What to do:
An exact reproduction of the listing is wanted, with the pictures dropped.

Dataset content:
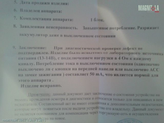 Магнитолу сегодня забрала из сервиса. в заключении написано что дефектов нет и 50мапмер
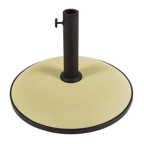 Heavy duty 50 lbs. patio market umbrella base. Steel base with concrete top. Made for use with 7 to 9 feet umbrellas. Black trim and black sleeve. Standard sleeve accomodates 1.5" and 1.75" poles. Simple assembly for the sleeve only.
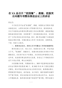 在XX县召开“校园餐”、教辅、校服突出问题专项整治推进会议上的讲话

Result of this task:
 Магнитолу сегодня забрала из сервиса. в заключении написано что дефектов нет и 50мапмер
 Heavy duty 50 lbs. patio market umbrella base. Steel base with concrete top. Made for use with 7 to 9 feet umbrellas. Black trim and black sleeve. Standard sleeve accomodates 1.5" and 1.75" poles. Simple assembly for the sleeve only.
 在XX县召开“校园餐”、教辅、校服突出问题专项整治推进会议上的讲话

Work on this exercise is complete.